Когда приехал князь Угарин, он тоже заметил лихорадочный румянец Тамары, ее сухие губы и ненормальный блеск глаз, но после ледяного и, видимо, враждебного поклона молодой девушки князь не рискнул сделать ни малейшего замечания.
Тамара принялась за портрет, но на этот раз рука ее не имела обычной твердости. Вдруг палитра и кисти выскользнули из рук, глаза закрылись, и она потеряла сознание.
— Воды! Воды! — вскричал князь, в испуге бросаясь к ней.
На этот крик прибежали художник с женой и при помощи разных солей скоро привели молодую девушку в чувство.

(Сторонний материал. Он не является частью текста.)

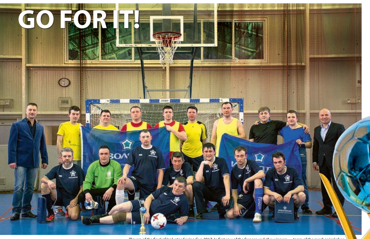
Players of the final of Izolyator Spring Cup 2017. In first row of the foreground, the winners — team of the mechanical shop

The games of the spring open futsal Izolyator 2017 Cup among Izolyator staff were played.
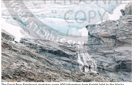
The Great Bear Rainforest stretches some 400 kilometres from Knight Inlet to the Alaska Panhandle.

VANCOUVER SUN SATURDAY, MARCH 23, 2019 SECTION 6
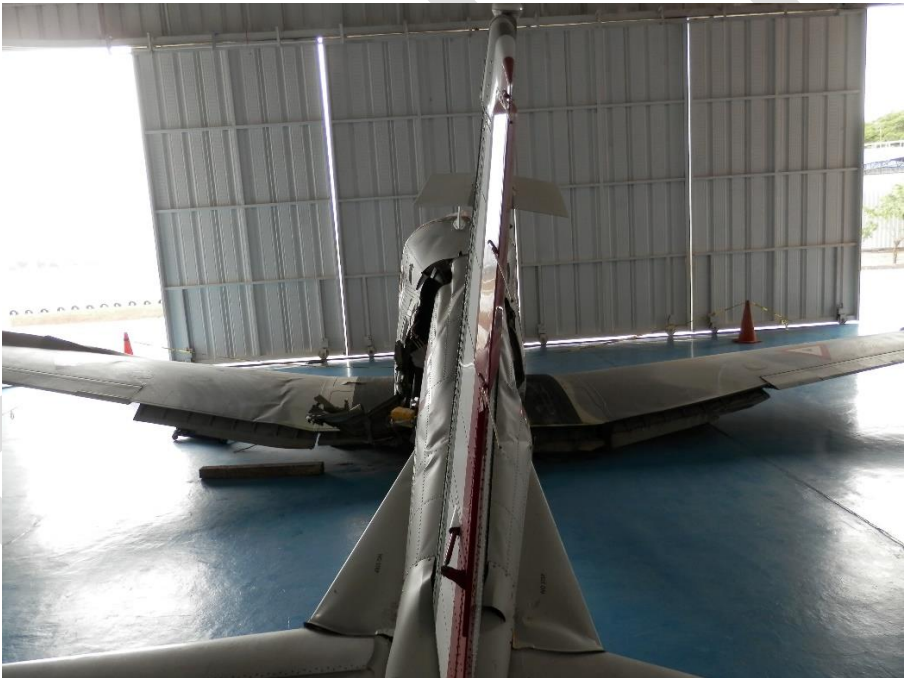
Aircraft looking forward from tail
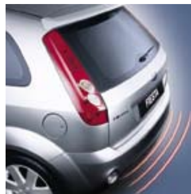
> Reverse Sensing System. The reverse sensing system uses warning tones to help make reversing and parking easier.
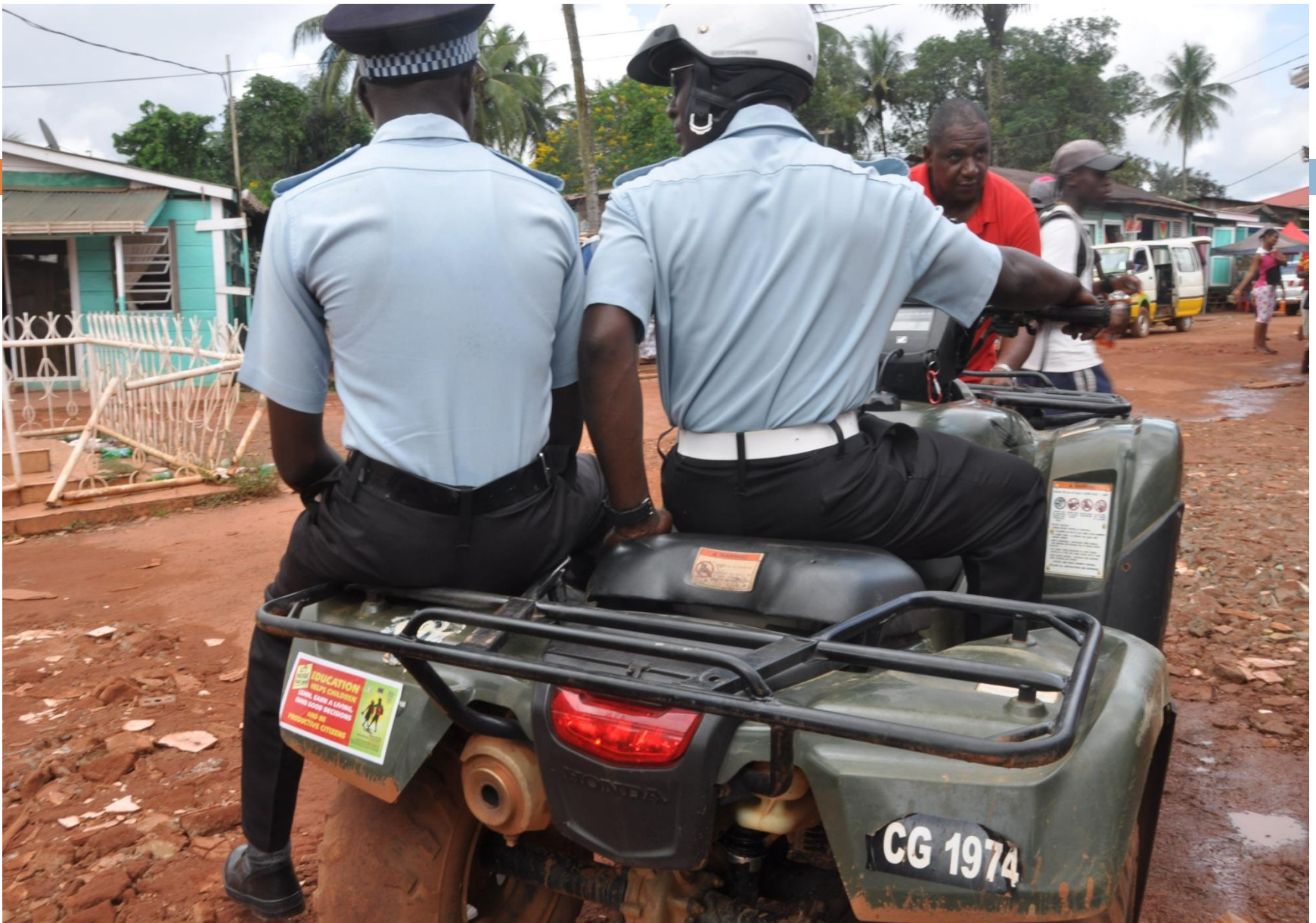
Guyana's Police force endorse the Fight against CL....Region 8
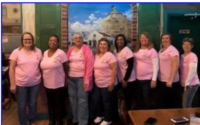
KESA members met members of the Brazos Valley Educational Support Staff Association for a day of shopping and fun in Waco.

We have boxes at different locations in KISD and a church in Killeen is also participating in our drive.
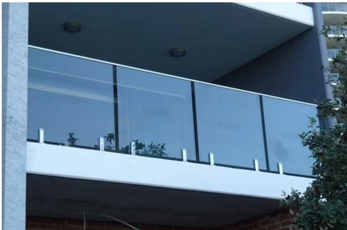
All frameless glass balustrades glass railings

— Как вы себя чувствуете? — спросили все в один голос.
— Хорошо; только я хочу сейчас же вернуться домой. Будьте так добры, сеньор Эрколь, пошлите за каретой.
— Моя карета внизу. Позвольте мне проводить вас с Бельцони, — сказал князь Угарин, наклоняясь с участием к Тамаре.
— Да, да, я сейчас оденусь, — вскричала Карлотта.
Молодая девушка отрицательно покачала головой.
— Нет, нет! Я не хочу вас беспокоить, князь. Пусть мне наймут карету.
Она встала, надела перчатки и хотела пойти за шляпой, но вдруг зашаталась и упала бы на пол, если бы князь не поддержал ее.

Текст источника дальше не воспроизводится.